After a positive primary screening test result and a positive triage test result, clients should receive treatment immediately or be referred for treatment or further evaluation.

Starting Age and Interval of Screening

  • For the general population of women, starting at age 30, HPV DNA NAATs are the recommended screening test in a screen-and-treat approach and also the recommended primary screening test in a screen, triage, and treat approach, with a screening interval of 5–10 years. HPV mRNA NAATs may also be used, with a screening interval of 5 years.
  • For the population of women living with HIV, starting at age 25, HPV DNA NAATs are the recommended primary screening test and a screen, triage, and treat approach is suggested rather than in a screen-and-treat approach, with a screening interval of 3–5 years.
  • Where HPV testing is not yet operational, WHO suggests a regular screening interval of every 3 years when using VIA or cytology as the sole or primary screening test among both the general population of women and those living with HIV.
  • While transitioning to a program with a recommended regular screening interval, screening even just twice in a lifetime is beneficial among both the general population of women and women living with HIV.

Treatment Methods

Screening without treatment does not prevent cervical cancer. If a client screens positive, then treatment (immediately or after further evaluation) must be provided to prevent progression of pre-cancer to cancer. The areas of the cervix that have been identified as abnormal can be removed either by ablation or excision. Ablation is the destruction of the abnormal tissue by freezing with a probe (cryotherapy) or using heat (thermal ablation). Excision involves surgically removing the abnormal tissue using large-loop excision of the transformation zone (LLETZ) or cold knife conization (CKC). Only excisional treatment will result in a tissue specimen for histological examination. Ablation is less effective for larger growths, but excision requires more extensive training and use of local anesthesia on the cervix. No hospital stay is needed for either type of treatment. Both treatments are generally well-tolerated and effective, and every effort should be made to provide treatment at the same facility where screening occurs, and at the same visit when screening occurs. Before treatment, women who have not yet been screened with VIA should be visually inspected using acetic acid to determine transformation zone type, rule out suspected cervical cancer, and determine eligibility for ablation. After treatment, women need to be followed up at 1 year.
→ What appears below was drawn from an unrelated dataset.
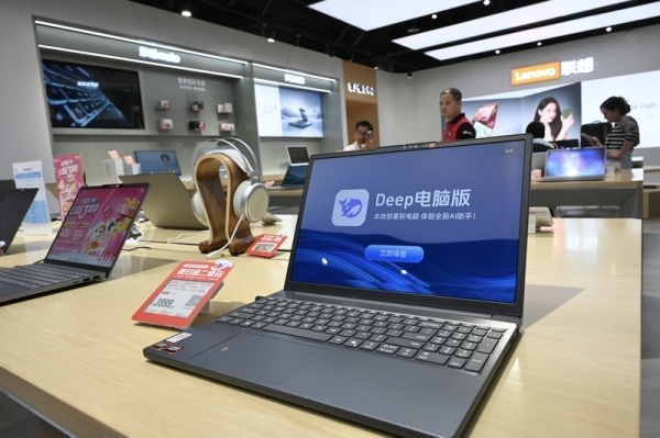 2025年11月23日,中国深圳:2025年11月23日,深圳某商店展示联想笔记本电脑中运行的深度求索AI程序。 IC Photo

Vaccine Available for Prevention

In the mid-2000s, the European Union and the United States Food and Drug Administration approved 2 vaccines against cervical cancer, pre-cancer, and genital warts. Both of these vaccines protect against HPV types 16 and 18, which cause over 70% of cervical cancers. Cervarix protects only against those 2 HPV types, while Gardasil also protects against infection by HPV types 6 and 11, which cause 90% of genital warts. Both vaccines are most effective when administered to clients before they become sexually active. In 2018, Gardasil-9 became available; this newer HPV vaccine protects against an additional 5 types of HPV types that cause another 20% of cervical cancers. Recently, Cecolin, an HPV vaccine manufactured in China, has also received WHO Prequalification.